Putting \( u = \frac{1}{25} \) in (3), \( 50 \times \frac{1}{25} + 15v = 3 \implies 2 + 15v = 3 \implies v = \frac{1}{15} \).
Now, \( x + y = 25 \) and \( x - y = 15 \).
Adding these, \( 2x = 40 \implies x = 20 \). Subtracting them, \( 2y = 10 \implies y = 5 \).
Speed of boat in still water is 20 km/hour and speed of stream is 5 km/hour.

Question. Solve the following system of linear equation graphically \( 4x - 5y - 20 = 0 \) and \( 3x + 5y - 15 = 0 \). Also, find the coordinates of the vertices of the Triangle formed by these two lines and the Y-axis.  
Answer: Given equations are \( 4x - 5y - 20 = 0 \) and \( 3x + 5y - 15 = 0 \).
For \( 4x - 5y - 20 = 0 \): When \( y = 0, x = 5 \); when \( x = 0, y = -4 \).
For \( 3x + 5y - 15 = 0 \): When \( y = 0, x = 5 \); when \( x = 0, y = 3 \).
Graphing these, the two lines intersect at \( A(5, 0) \).

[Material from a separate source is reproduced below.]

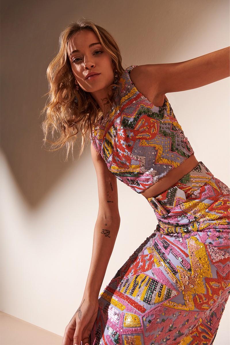 Precioso conjunto confeccionado en lentejuela geométrica de colores naranjas, amarillos y rosa sobre un crepe de color azul de gran calidad. (...)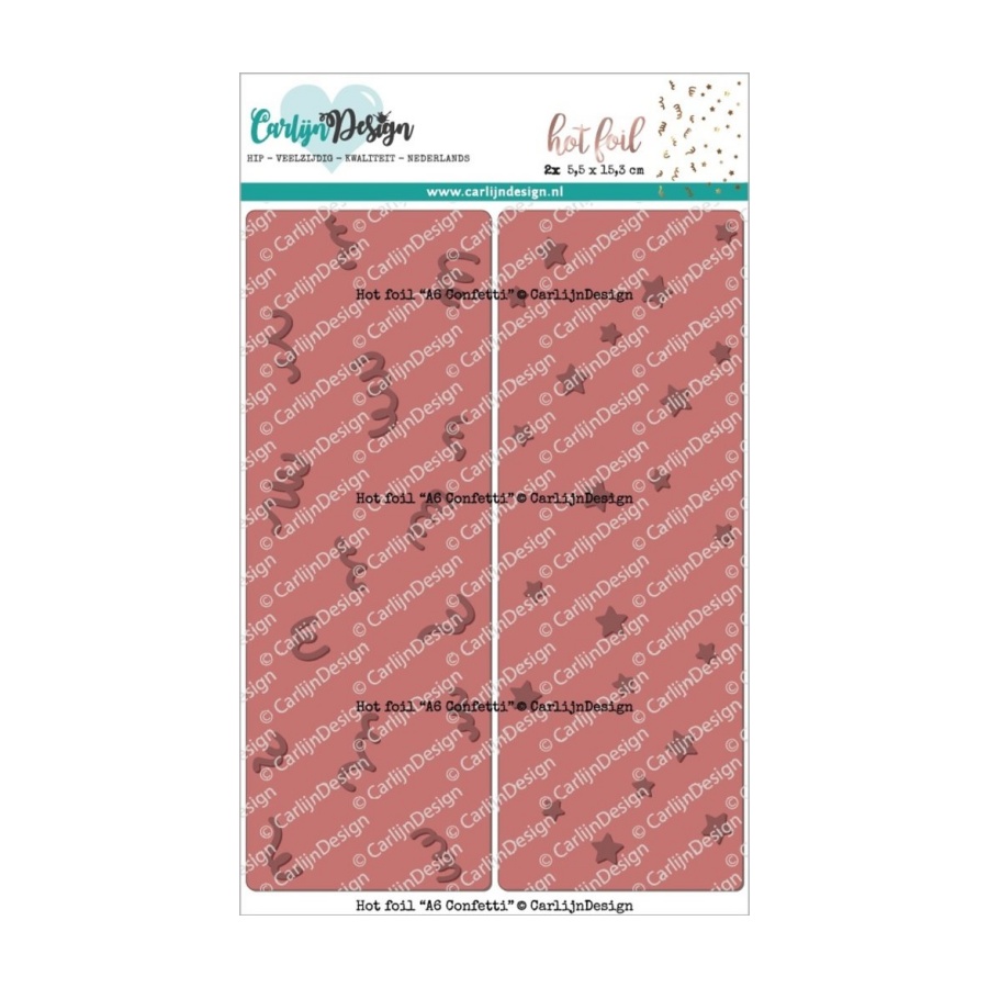 2 platen met 2 designs A6 Confetti, gemaakt van zwaarder metaal speciaal voor gebruik met hot foil. Beide platen hebben een andere design: een met confetti slierten en een met sterretjes. Je kunt ze in verschillende kleuren foilen naast elkaar. Daarna wisselen je beide platen om en zorg je dat je op beide vlakken dus de verschillende designs hebt.

The lines meet y-axis at \( B(0, -4) \) and \( C(0, 3) \) respectively.
Therefore, the vertices of the triangle are \( (5, 0), (0, -4) \) and \( (0, 3) \).

Question. Solve the following system of linear equations graphically and shade the region between the two lines and x-axis: (4) \( 3x + 2y - 4 = 0, 2x - 3y - 7 = 0 \)
Answer: Given system of linear equations is \( 3x + 2y - 4 = 0 .....(1) \) and \( 2x - 3y - 7 = 0 .....(2) \).
For eqn (1), \( y = \frac{4-3x}{2} \). If \( x = 0, y = 2 \); if \( x = 2, y = -1 \).
For eqn (2), \( y = \frac{2x-7}{3} \). If \( x = 2, y = -1 \); if \( x = 5, y = 1 \).
Plotting these points on graph, we find the lines intersect at \( (2, -1) \). The region between the lines and x-axis is shaded.